It can be sometimes be rewarding to learn how to get along with those who have vastly different tastes from oneself. I hope this turns out to be one of those occasions. :shutup:


----------



## Benzowner (Nov 11, 2009)

Kutusov said:


> watchjohir said:
> 
> 
> > thats a v nice collection pal u heard of bape g shocks? they are pretty sweet too
> ...


Sorry, but that is horrible


----------



## Guest (Aug 8, 2010)

I expect there are some significantly less horrible examples though. :blush2:


----------



## Kutusov (Apr 19, 2010)

Om_nom_nom_Watches! said:


> I expect there are some significantly less horrible examples though. :blush2:


Sure there are... look at this one...


----------



## grey (Apr 29, 2006)

Defender said:


> [Hi there,
> 
> Is that a 'one off' or is there a source for obsolete Casio parts like outer cases?, I could do with one or two cases for some oldies I have.


Hi Defender,

Have you tried Derek at Tiktox.com?

Best regards

Graham


----------



## Guest (Aug 8, 2010)

Ahahah grey! Your Brian Sewell avatar (with twitching mouth!) is just excellent!!!!! :thumbup:


----------



## mrteatime (Oct 25, 2006)

Om_nom_nom_Watches! said:


> Ahahah grey! Your Brian Sewell avatar (with twitching mouth!) is just excellent!!!!! :thumbup:


no....that really is graham


----------



## grey (Apr 29, 2006)

mrteatime said:


> Om_nom_nom_Watches! said:
> 
> 
> > Ahahah grey! Your Brian Sewell avatar (with twitching mouth!) is just excellent!!!!!
> ...


That's you off my Christmas card list, Lisa Bigmouth.

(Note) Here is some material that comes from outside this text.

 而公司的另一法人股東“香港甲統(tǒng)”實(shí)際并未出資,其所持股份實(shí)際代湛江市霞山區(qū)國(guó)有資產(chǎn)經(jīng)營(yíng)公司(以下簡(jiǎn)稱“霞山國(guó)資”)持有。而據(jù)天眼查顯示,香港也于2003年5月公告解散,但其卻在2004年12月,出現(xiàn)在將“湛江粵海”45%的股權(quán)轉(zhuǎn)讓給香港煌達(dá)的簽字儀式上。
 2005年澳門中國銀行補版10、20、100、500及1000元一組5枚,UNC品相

(Why isn't there a smiley for 'flounce'?)


----------



## mrteatime (Oct 25, 2006)

grey said:


> mrteatime said:
> 
> 
> > Om_nom_nom_Watches! said:
> ...


shes a babe graham  and you know it......

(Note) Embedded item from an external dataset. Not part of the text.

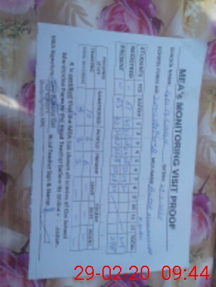 | Attendance Register | Head Teacher | MEA with School | Visit Proof |

good to see you about my man....hows it going....might have a spare half hour for coffee and buns this week


----------



## minkle (Mar 17, 2008)

mrteatime said:


> shes a babe graham  and you know it......


:rofl: :rofl:


----------



## Guest (Aug 8, 2010)

For the record, Brian Sewell is one of the most awesome men ever to have been born. :notworthy:


----------



## mrteatime (Oct 25, 2006)

Om_nom_nom_Watches! said:


> For the record, Brian Sewell is one of the most awesome men ever to have been born. :notworthy:


you saying graham aint?


----------



## DaveOS (May 9, 2010)

Om_nom_nom_Watches! said:


> For the record, Brian Sewell is one of the most awesome men ever to
> 
> have been born. :notworthy:


I've met him and I'm afraid to say he really isn't. He's a â‚¬[email protected]%!!

Lisa


----------



## grey (Apr 29, 2006)

mrteatime said:


> good to see you about my man....hows it going....*might have a spare half hour for coffee and buns this week*


You're welcome anytime, *Chunky*, only now it's Earl Grey and Gypsy Creams









S'pose to be collecting a slightly newer MX-5 later this week, and was a bit nonplussed when the man at the garage told me you sit lower than in the Mk2.

Me and Mrs grey (Colin to our friends







) might have to adopt a new exit strategy - "Hey you, Passer-by! Help us out of this car and a silver shilling shall be your reward."

What do you think a likely reply might be?


----------



## Guest (Aug 8, 2010)

Dave O said:


> I've met him and I'm afraid to say he really isn't. He's a â‚¬[email protected]%!!
> 
> Lisa


I wouldn't really contest that I suppose, although he is unashamedly a â‚¬[email protected]%, and he annunciates his elitist chauvinistic misogynistic classism with such well rounded sonorous vowel sounds that you just HAVE to like him.


----------



## mrteatime (Oct 25, 2006)

grey said:


> mrteatime said:
> 
> 
> > good to see you about my man....hows it going....*might have a spare half hour for coffee and buns this week*
> ...


im sure pat will think of something


----------



## grey (Apr 29, 2006)

mrteatime said:


> grey said:
> 
> 
> > mrteatime said:
> ...


Too right. I still haven't worked out why she let me change it yet.

Om_nom_nom_Watches!

*I wouldn't really contest that I suppose, although he is unashamedly a â‚¬[email protected]%, and he annunciates his elitist chauvinistic misogynistic classism with such well rounded sonorous vowel sounds that you just HAVE to like him. *









*
*

*
*Exactly. Would like to see him doing some more travel/art documentaries on t'telly.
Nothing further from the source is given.